8.2 When to include them
Include common treatments when: - Environments are expected to be weakly correlated (e.g., very different climate zones, different growing seasons) - Direct cross-environment comparisons need to be reliable without assuming a specific genetic covariance structure - A stable reference set is needed for cross-trial benchmarking
Minimize the number of common treatments when: - All environments are similar and \(K\)-based connectivity is sufficient - Sparse capacity is already tight and common treatments would leave too few slots for the experimental lines
9. Seed-Aware Replication
9.1 The feasibility constraint
A design that requests replication without accounting for available seed cannot be deployed. The feasibility condition for assigning replication \(r_i\) to line \(i\) in environment \(e\) is:
\[s_i \geq r_i \times q_e + b\]
where: - \(s_i\) = seeds available for line \(i\) - \(r_i\) = desired replication level - \(q_e\) = seeds required per plot in environment \(e\) - \(b\) = optional safety buffer (e.g., for germination losses)
9.2 Replication roles
assign_replication_by_seed() evaluates this condition
for every line and assigns one of three roles:
-
"p_rep"— sufficient seed for \(r_i\) plots; assigneddesired_replicationsplots -
"unreplicated"— sufficient seed for one plot but not fordesired_replicationsplots (downgraded) -
"excluded"— insufficient seed even for one plot
Three design modes control how these roles are assigned:
| Mode | "augmented" |
"p_rep" |
"rcbd_type" |
|---|---|---|---|
| Target | 1 plot per line | \(r\) plots for a feasible subset | \(r\) plots for all lines |
| Downgrade | Excluded if seed < \(q_e\) | Non-candidates get 1 plot | Yes, if shortage_action = "downgrade"
|
| P-rep selection | — | By priority (seed, order, random) | — |
seed_df <- data.frame(
Treatment = x$treatments,
SeedAvailable = sample(20:120, length(x$treatments), replace = TRUE)
)
rep_plan <- assign_replication_by_seed(
treatments = x$treatments,
seed_available = seed_df,
seed_required_per_plot = 10,
replication_mode = "p_rep",
desired_replications = 2,
priority = "seed_available",
max_prep = 20,
minimum_seed_buffer = 5,
shortage_action = "downgrade",
seed = 123
)
length(rep_plan$p_rep_treatments) # replicated at 2 reps
length(rep_plan$unreplicated_treatments) # assigned 1 plot (downgraded)

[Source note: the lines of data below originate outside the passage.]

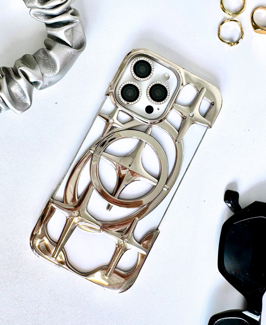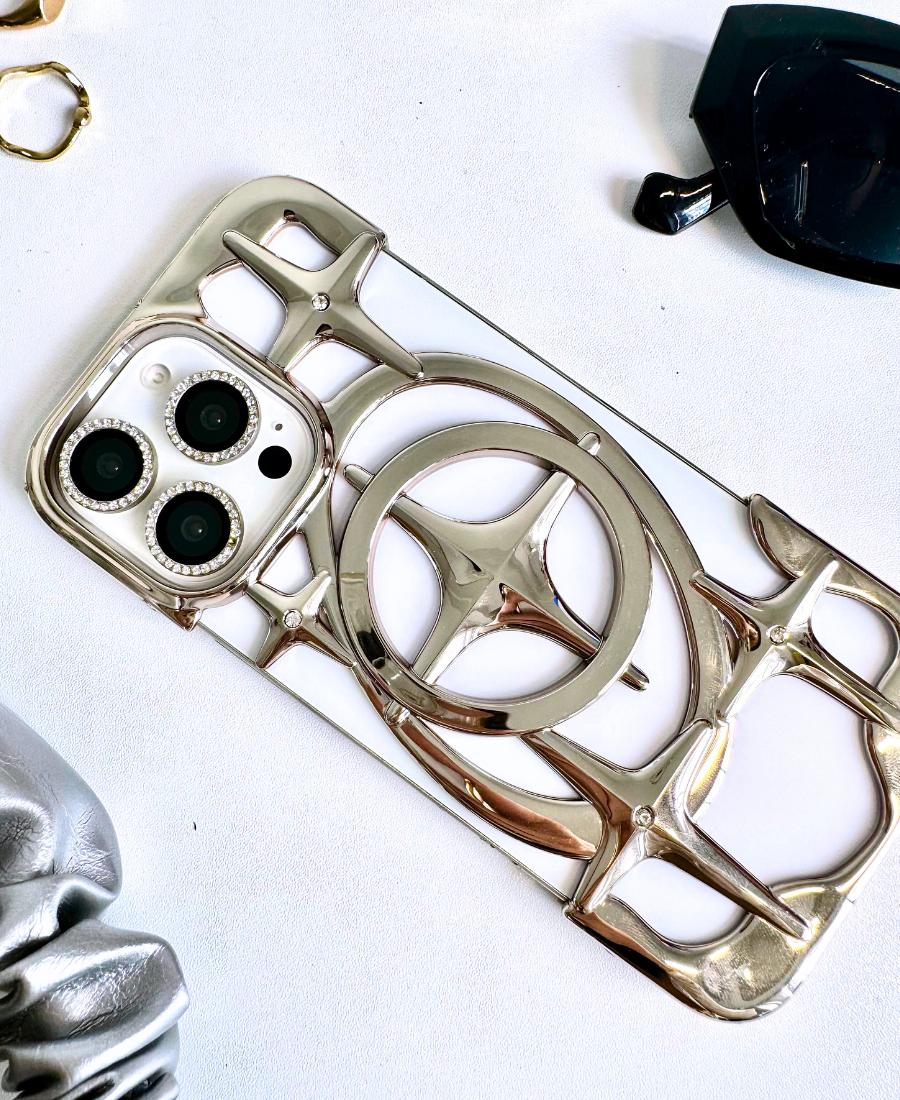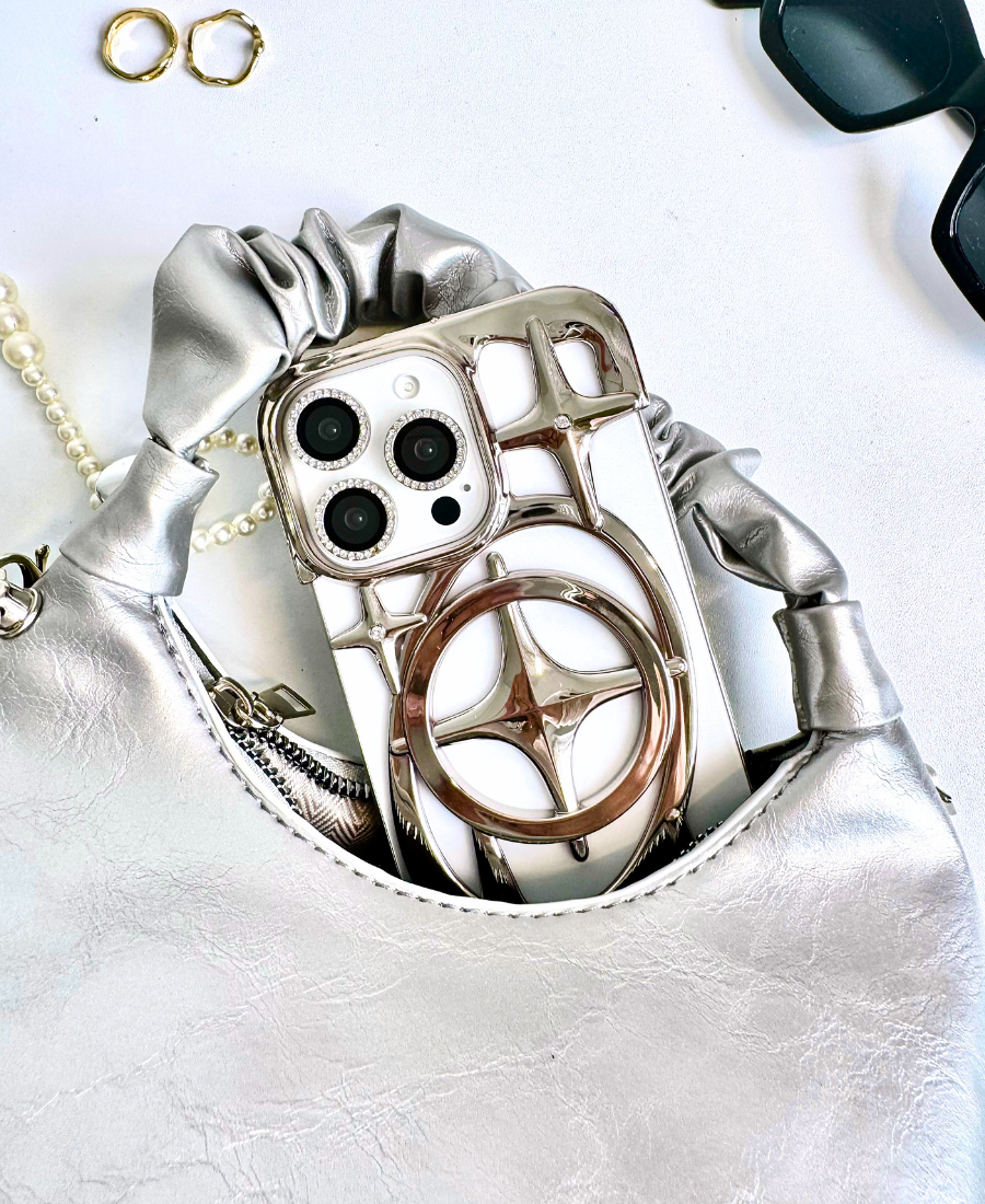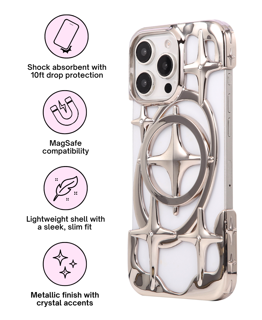 Say goodbye to bulky, boring cases! New MagSafe Bumper Case with a minimal one-of-a-kind design that showcases your iPhone without sacrificing protection. Featuring a pearlescent finish and crystal detailing to steal the spotlight!
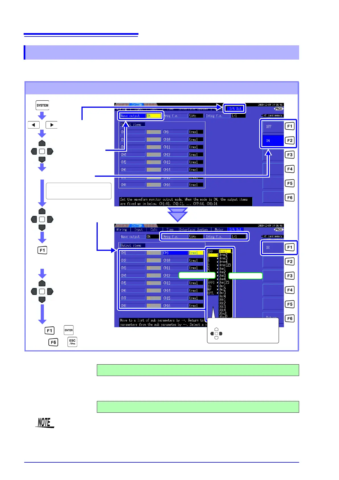 • Items selected on the MEAS, SYSTEM or FILE screen are always output.
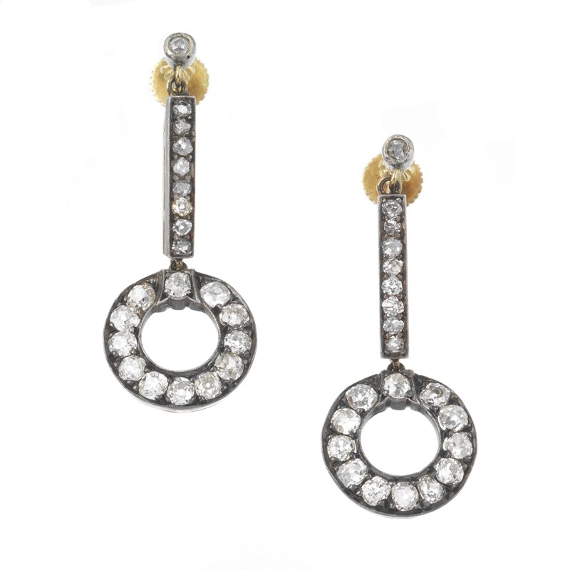 in oro e argento, da cui pendono due elementi a cerchio impreziositi da diamanti taglio vecchio per ct 4 circa, chiusura a vite, dim. cm 2x4,5, gr. 10 complessivi

length(rep_plan$excluded_treatments) # insufficient seed
rep_plan$seed_summary # full per-line feasibility table10. Within-Environment Design Engines
10.1 met_prep_famoptg() — block-based repeated-check
designs
This engine constructs repeated-check block designs for environments where the primary local control mechanism is blocking (incomplete block designs). It supports three design classes:
Augmented repeated-check design
All non-check lines are unreplicated. Each block contains the same set of check treatments plus a unique subset of experimental lines. This design is appropriate for early screening stages when the number of candidates far exceeds available resources and seed is very limited. The checks allow estimation of block effects, which are subtracted to improve comparisons among the unreplicated lines.
Partially replicated (p-rep) design
A subset of lines — those with more seed or higher priority — is
replicated at desired_replications plots, distributed
across distinct blocks. The remainder appear unreplicated. P-rep designs
are efficient because they concentrate replication where it provides the
most information while still including a broad set of candidates.
RCBD-type repeated-check design
All non-check lines are replicated at a uniform level. This is the closest to a standard RCBD within a single environment, extended to include repeated checks in every block.
Structural guarantees enforced by
met_prep_famoptg():
- Check treatments appear in every block
- Replicated lines appear in distinct blocks (at most once per block)
- Unreplicated lines appear exactly once in the design
Optional features include family-based or GRM/A-based genetic dispersion optimization (minimizing the average relatedness of adjacent plots) and mixed-model efficiency evaluation (A, D, CDmean).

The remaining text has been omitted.